EXERCISE GOAL:
Repeat the listing exactly. Any picture in it should be left out of the copy.

DATASET EXCERPT:
*** Block opens ***

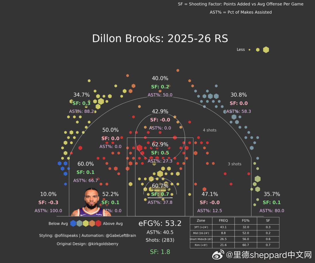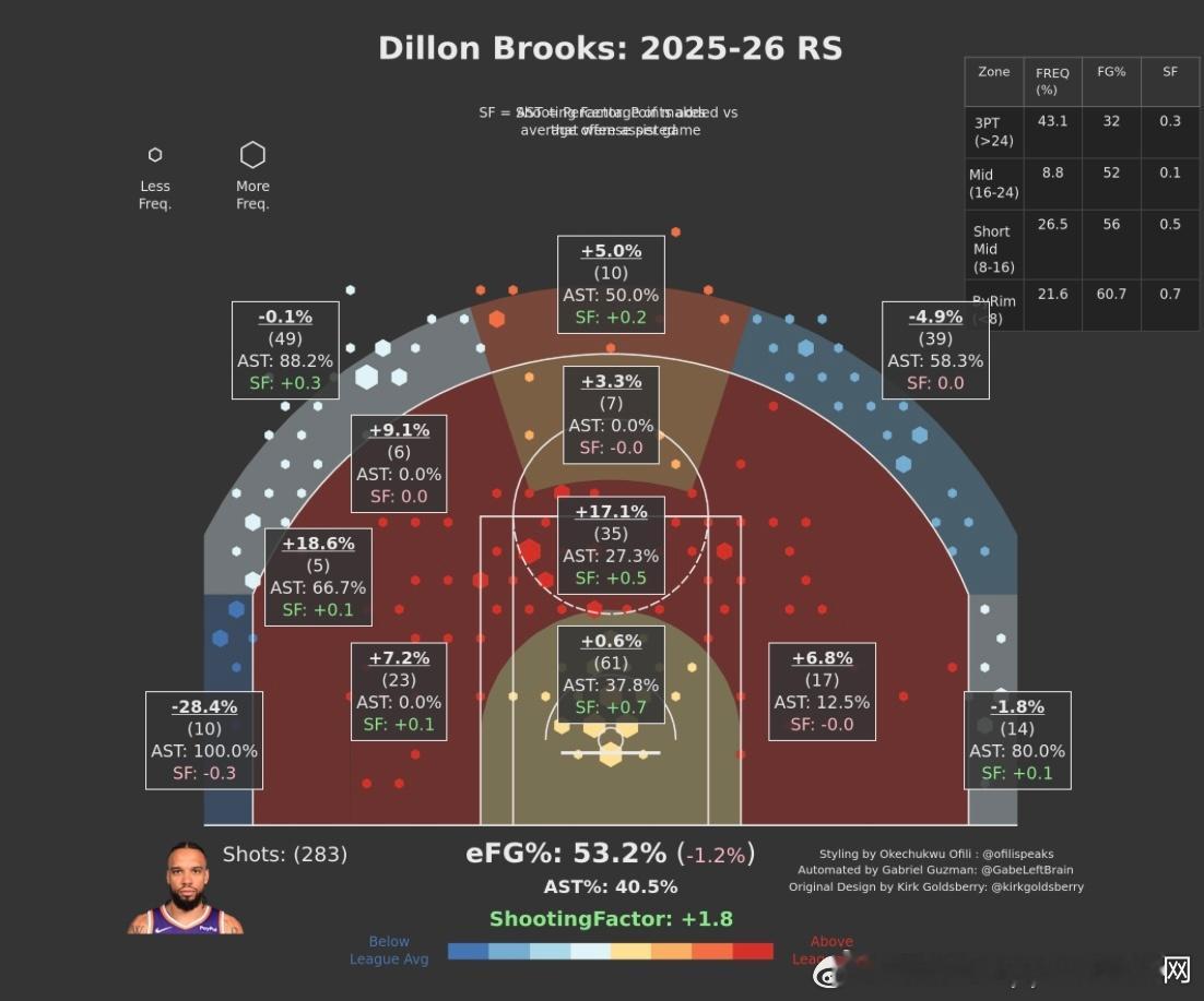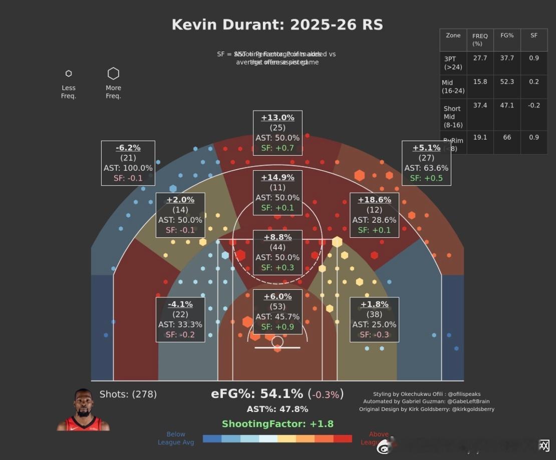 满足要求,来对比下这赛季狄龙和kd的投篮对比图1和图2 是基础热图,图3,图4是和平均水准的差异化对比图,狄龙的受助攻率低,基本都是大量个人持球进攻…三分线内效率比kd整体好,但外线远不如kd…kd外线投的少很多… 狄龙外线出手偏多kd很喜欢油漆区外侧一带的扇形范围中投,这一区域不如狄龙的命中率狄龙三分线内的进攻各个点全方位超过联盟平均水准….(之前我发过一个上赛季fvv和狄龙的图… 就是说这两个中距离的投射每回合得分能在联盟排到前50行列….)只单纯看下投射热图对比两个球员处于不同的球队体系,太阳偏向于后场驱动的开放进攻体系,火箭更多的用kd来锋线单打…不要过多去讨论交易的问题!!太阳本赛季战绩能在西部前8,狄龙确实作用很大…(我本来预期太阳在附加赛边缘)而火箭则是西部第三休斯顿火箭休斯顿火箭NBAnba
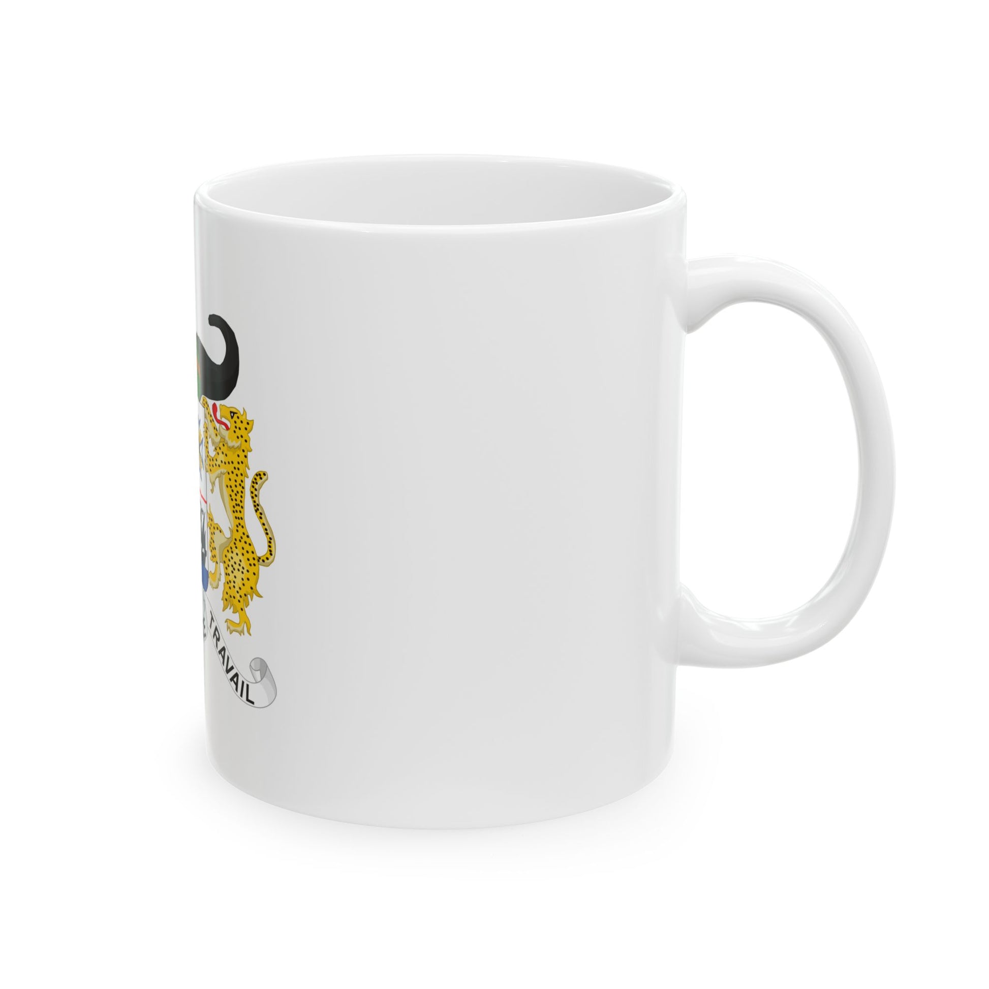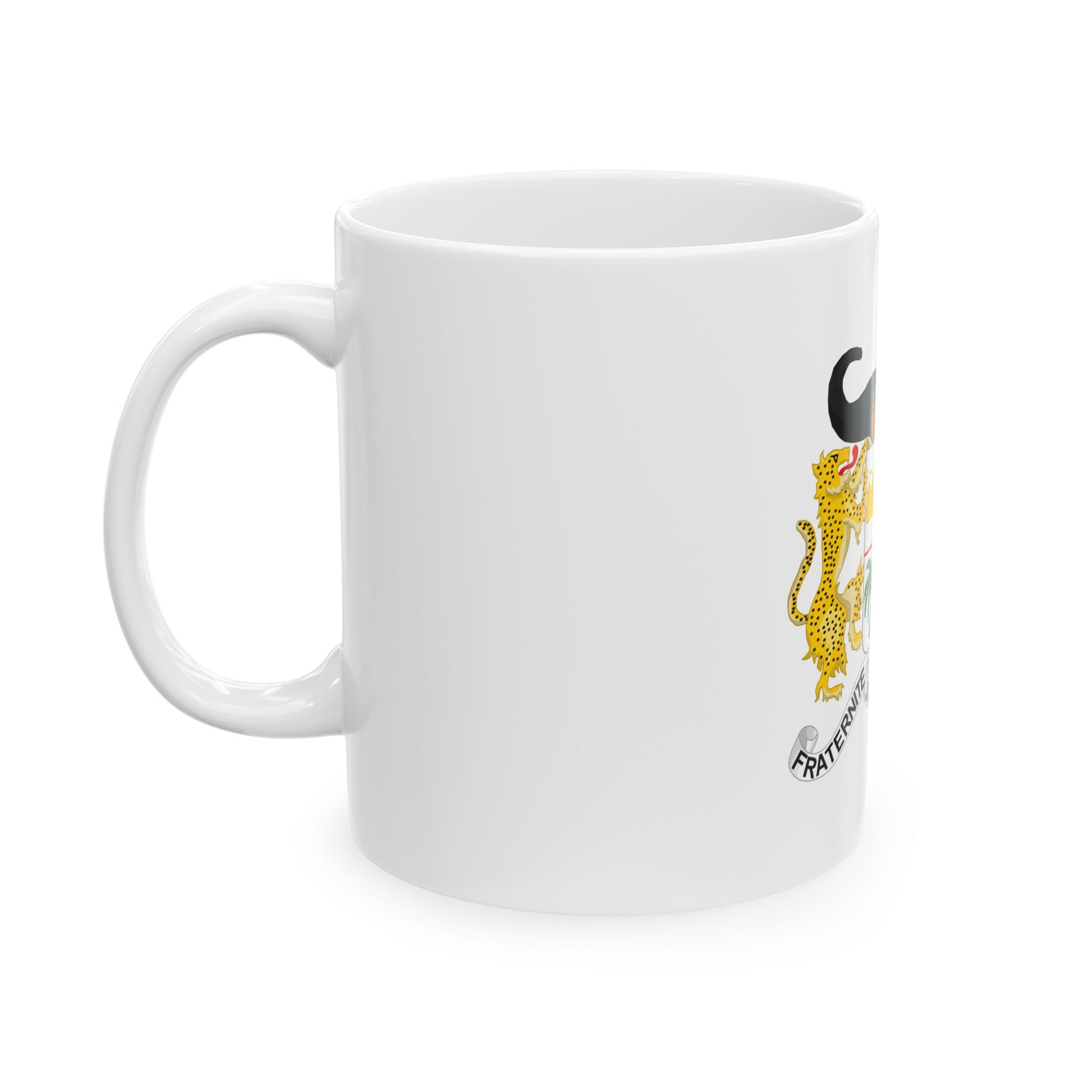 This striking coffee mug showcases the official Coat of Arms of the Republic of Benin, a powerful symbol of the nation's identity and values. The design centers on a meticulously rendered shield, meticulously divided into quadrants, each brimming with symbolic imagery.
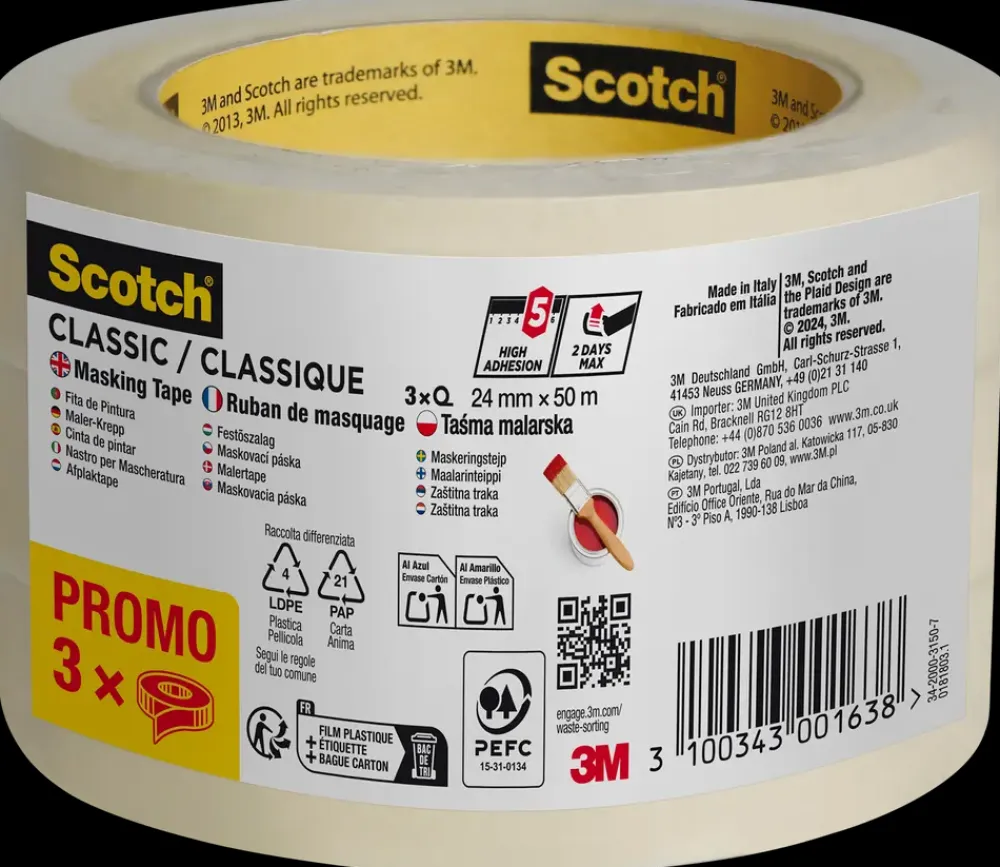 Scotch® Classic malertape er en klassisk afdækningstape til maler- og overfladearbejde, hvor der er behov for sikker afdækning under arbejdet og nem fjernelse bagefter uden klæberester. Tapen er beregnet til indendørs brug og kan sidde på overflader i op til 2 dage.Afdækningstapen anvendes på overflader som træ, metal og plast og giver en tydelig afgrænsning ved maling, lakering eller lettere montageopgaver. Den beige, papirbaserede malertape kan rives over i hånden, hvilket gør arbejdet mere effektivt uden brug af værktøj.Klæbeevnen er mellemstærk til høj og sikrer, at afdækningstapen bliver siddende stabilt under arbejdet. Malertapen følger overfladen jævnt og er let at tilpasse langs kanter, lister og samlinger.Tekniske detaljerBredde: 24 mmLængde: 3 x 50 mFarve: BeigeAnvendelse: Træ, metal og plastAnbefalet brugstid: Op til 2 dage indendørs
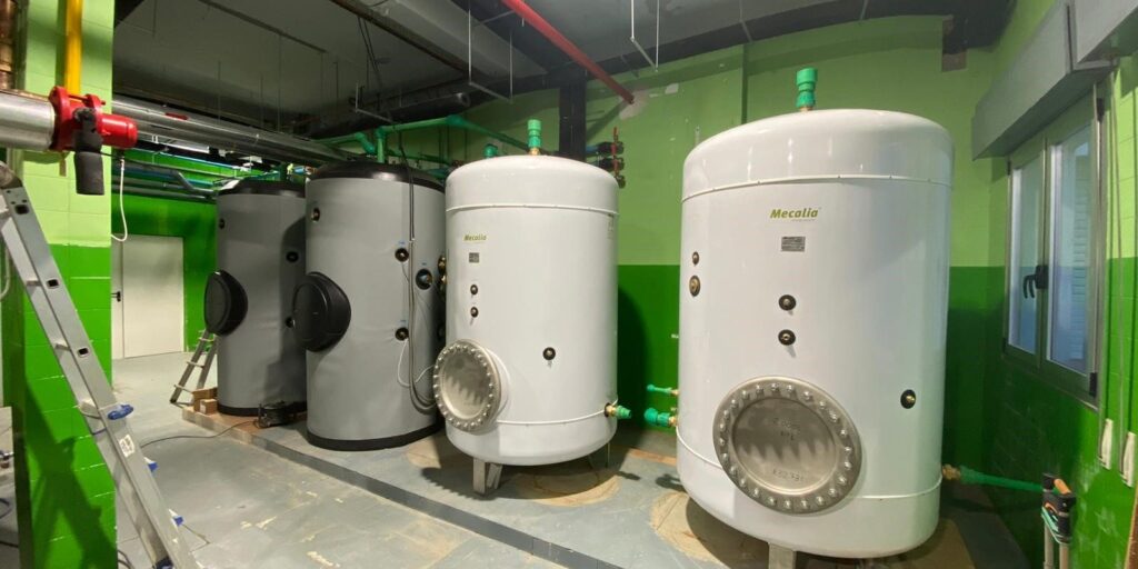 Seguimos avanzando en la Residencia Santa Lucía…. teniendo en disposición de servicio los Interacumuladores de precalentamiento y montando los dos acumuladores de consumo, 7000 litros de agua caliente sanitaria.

*** Block closes ***

YOUR SOLUTION:
 满足要求,来对比下这赛季狄龙和kd的投篮对比图1和图2 是基础热图,图3,图4是和平均水准的差异化对比图,狄龙的受助攻率低,基本都是大量个人持球进攻…三分线内效率比kd整体好,但外线远不如kd…kd外线投的少很多… 狄龙外线出手偏多kd很喜欢油漆区外侧一带的扇形范围中投,这一区域不如狄龙的命中率狄龙三分线内的进攻各个点全方位超过联盟平均水准….(之前我发过一个上赛季fvv和狄龙的图… 就是说这两个中距离的投射每回合得分能在联盟排到前50行列….)只单纯看下投射热图对比两个球员处于不同的球队体系,太阳偏向于后场驱动的开放进攻体系,火箭更多的用kd来锋线单打…不要过多去讨论交易的问题!!太阳本赛季战绩能在西部前8,狄龙确实作用很大…(我本来预期太阳在附加赛边缘)而火箭则是西部第三休斯顿火箭休斯顿火箭NBAnba
 This striking coffee mug showcases the official Coat of Arms of the Republic of Benin, a powerful symbol of the nation's identity and values. The design centers on a meticulously rendered shield, meticulously divided into quadrants, each brimming with symbolic imagery.
 Scotch® Classic malertape er en klassisk afdækningstape til maler- og overfladearbejde, hvor der er behov for sikker afdækning under arbejdet og nem fjernelse bagefter uden klæberester. Tapen er beregnet til indendørs brug og kan sidde på overflader i op til 2 dage.Afdækningstapen anvendes på overflader som træ, metal og plast og giver en tydelig afgrænsning ved maling, lakering eller lettere montageopgaver. Den beige, papirbaserede malertape kan rives over i hånden, hvilket gør arbejdet mere effektivt uden brug af værktøj.Klæbeevnen er mellemstærk til høj og sikrer, at afdækningstapen bliver siddende stabilt under arbejdet. Malertapen følger overfladen jævnt og er let at tilpasse langs kanter, lister og samlinger.Tekniske detaljerBredde: 24 mmLængde: 3 x 50 mFarve: BeigeAnvendelse: Træ, metal og plastAnbefalet brugstid: Op til 2 dage indendørs
 Seguimos avanzando en la Residencia Santa Lucía…. teniendo en disposición de servicio los Interacumuladores de precalentamiento y montando los dos acumuladores de consumo, 7000 litros de agua caliente sanitaria.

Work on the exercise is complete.